Длинное, узкое помещенье, где они расположились, было местом довольно приятным и полным воздуха: сквозь опорные столбы крыши с одной стороны видна была темнеющая степь, а с другой — мирный четырехугольник вымощенного булыжником и завешенного цветными полотнищами внутреннего двора и деревянная его галерея. Смеркалось. Служанка в набедренной повязке, та, что тащила воду, принесла теперь огня от очага и зажгла три глиняных, на треногах, светильника. Затем она вместе с Абдхебой подала еду: горшок густой, заправленной кунжутным маслом мучной похлебки («Паппасу, паппасу!» — повторяла Рахиль с ребяческим ликованьем, забавно и сладострастно облизывая губы и хлопая в ладоши), не остывшие еще ячменные лепешки, редьку, огурцы, пальмовую капусту, а также напитки — козье молоко и воду из канала, запас которой висел в большой глиняной амфоре на одной из подпорок крыши. У наружной стены комнаты стояли два ларя, тоже глиняных, уставленных медными чашками, сосудами для смешиванья жидкостей, кружками; и ручная мельница была там. Кто как, сидели члены семьи вокруг низкого, обтянутого бычьей кожей стола: Лаван и его жена устроились рядом на лавке с прислоном, дочери, поджав ноги, — на камышовых, покрытых подушками сиденьях, а у Иакова были расписной глиняный стул без спинки и такая же скамеечка для ног. Паппасу ели двумя изготовленными из коровьего рога ложками, пользуясь ими поочередно: опорожнив ложку, каждый тотчас же наполнял ее из горшка и передавал соседу. Иаков, сидевший возле Рахили, всякий раз наполнял ей ложку до края, чем очень смешил ее. Лия видела это и косила сильнее, совсем уж удручающе.

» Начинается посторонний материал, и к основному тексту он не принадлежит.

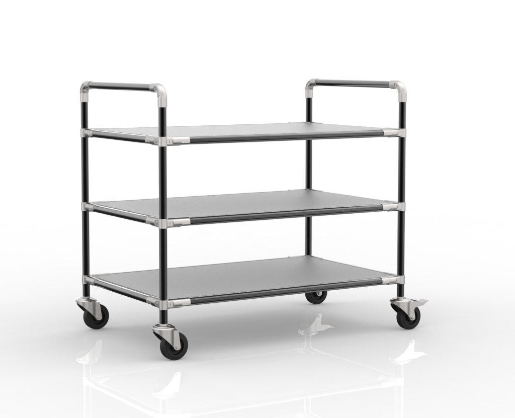 Antistatický policový vozík z trubkového stavebnicového systému je ideální volbou pro manipulaci se zbožím citlivým na elektrostatický výboj. Součástí vozíku je ESD lamino deska o tloušťce 18 mm. Rozměry 964 x 1068 x 768 mm, průměr kolečka 100 mm.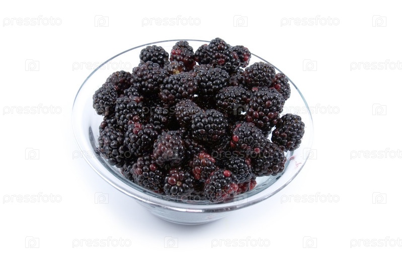 Ягоды ежевики в миске на белом фоне

За едой ничего сколько-нибудь значительного не говорилось, все замечания касались только самой пищи. Например, Адина говорила Лавану:
— Кушай, муж мой, все принадлежит тебе!
Или она говорила Иакову:
— Угощайся, чужеземец, услади усталую свою душу!
Или же кто-нибудь из родителей говорил одной из дочерей:
— Я вижу, ты норовишь съесть побольше и ничего не оставить другим. Если ты не умеришь свою жадность, ведьма Лабарту перевернет тебе внутренности, и тебя вырвет.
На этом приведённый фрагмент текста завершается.